• Collection entries
◇ ◇ ◇ ◇

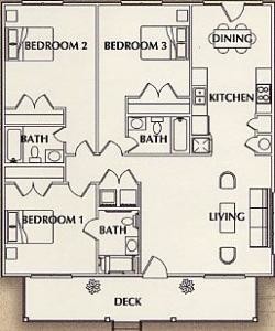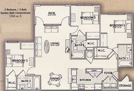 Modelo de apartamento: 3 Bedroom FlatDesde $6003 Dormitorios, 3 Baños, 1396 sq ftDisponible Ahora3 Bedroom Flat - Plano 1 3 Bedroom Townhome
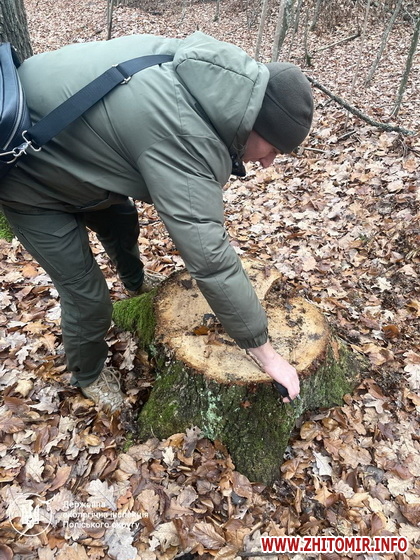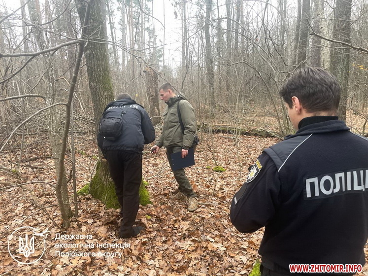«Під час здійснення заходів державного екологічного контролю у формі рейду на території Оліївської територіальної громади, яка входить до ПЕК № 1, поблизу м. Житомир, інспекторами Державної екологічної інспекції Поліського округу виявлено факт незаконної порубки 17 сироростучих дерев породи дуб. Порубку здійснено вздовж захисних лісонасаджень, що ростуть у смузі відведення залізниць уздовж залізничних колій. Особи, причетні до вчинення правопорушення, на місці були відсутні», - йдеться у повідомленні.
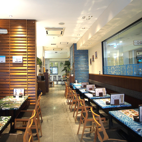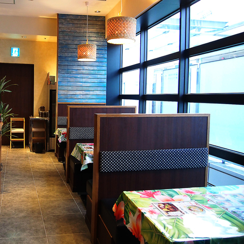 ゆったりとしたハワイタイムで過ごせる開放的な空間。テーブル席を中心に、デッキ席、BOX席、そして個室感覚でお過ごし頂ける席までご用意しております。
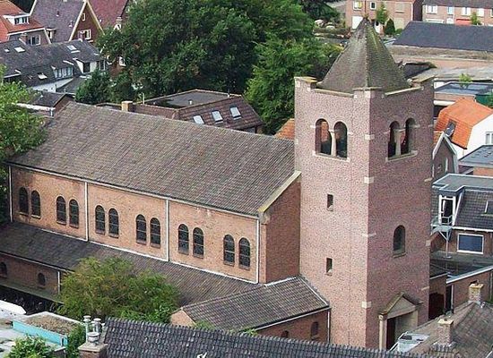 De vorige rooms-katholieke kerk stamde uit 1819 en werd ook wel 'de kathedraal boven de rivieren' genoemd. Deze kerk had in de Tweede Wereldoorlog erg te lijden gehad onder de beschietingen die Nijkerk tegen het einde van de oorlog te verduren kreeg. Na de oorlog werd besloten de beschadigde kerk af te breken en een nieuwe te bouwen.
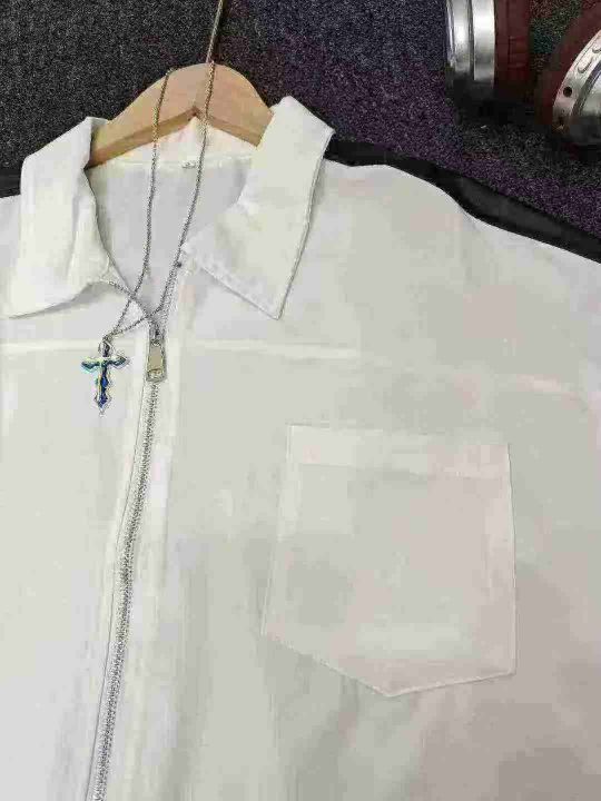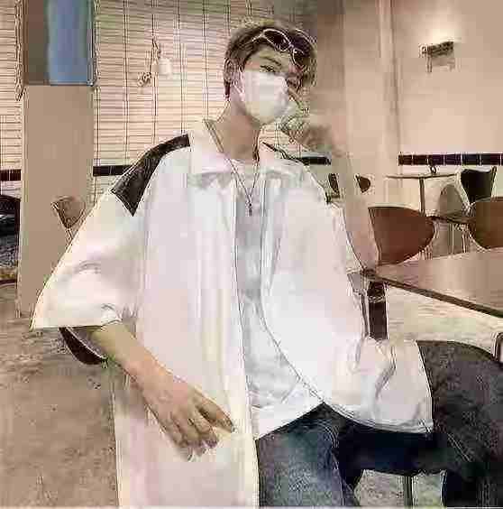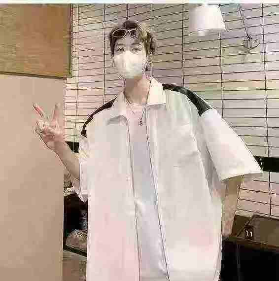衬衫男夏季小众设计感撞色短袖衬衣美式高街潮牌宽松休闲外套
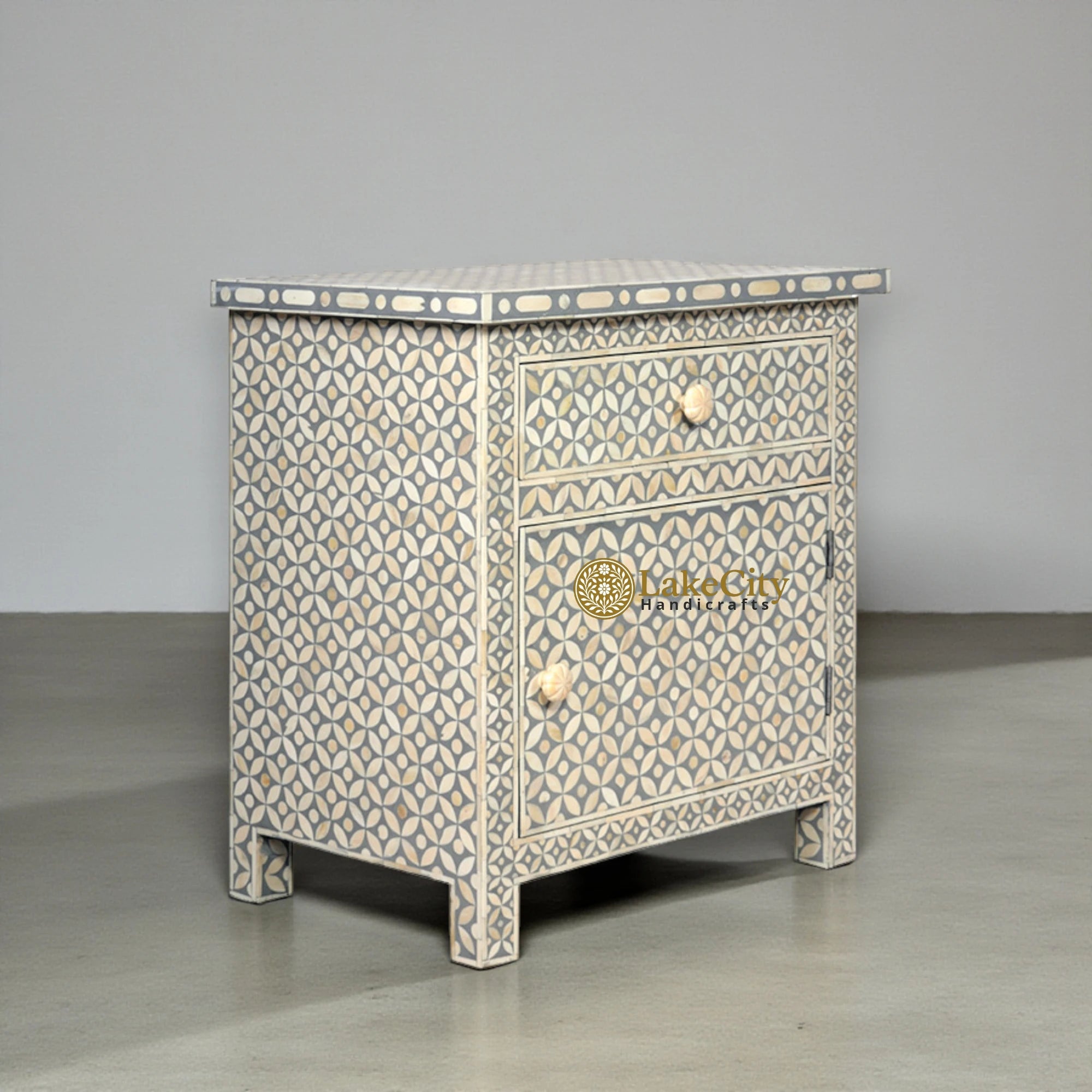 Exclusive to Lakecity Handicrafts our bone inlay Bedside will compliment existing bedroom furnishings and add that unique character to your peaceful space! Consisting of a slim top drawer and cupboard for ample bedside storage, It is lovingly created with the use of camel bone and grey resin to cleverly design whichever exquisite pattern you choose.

◇ ◇ ◇ ◇

• What you should do
The answer must consist solely of the lines from the one with "衬衫男夏季小众设计感撞色短袖衬衣美式高街潮牌宽松休闲外套" through the final line of the data, each reproduced exactly and with pictures omitted.

• Exercise output
衬衫男夏季小众设计感撞色短袖衬衣美式高街潮牌宽松休闲外套
 Exclusive to Lakecity Handicrafts our bone inlay Bedside will compliment existing bedroom furnishings and add that unique character to your peaceful space! Consisting of a slim top drawer and cupboard for ample bedside storage, It is lovingly created with the use of camel bone and grey resin to cleverly design whichever exquisite pattern you choose.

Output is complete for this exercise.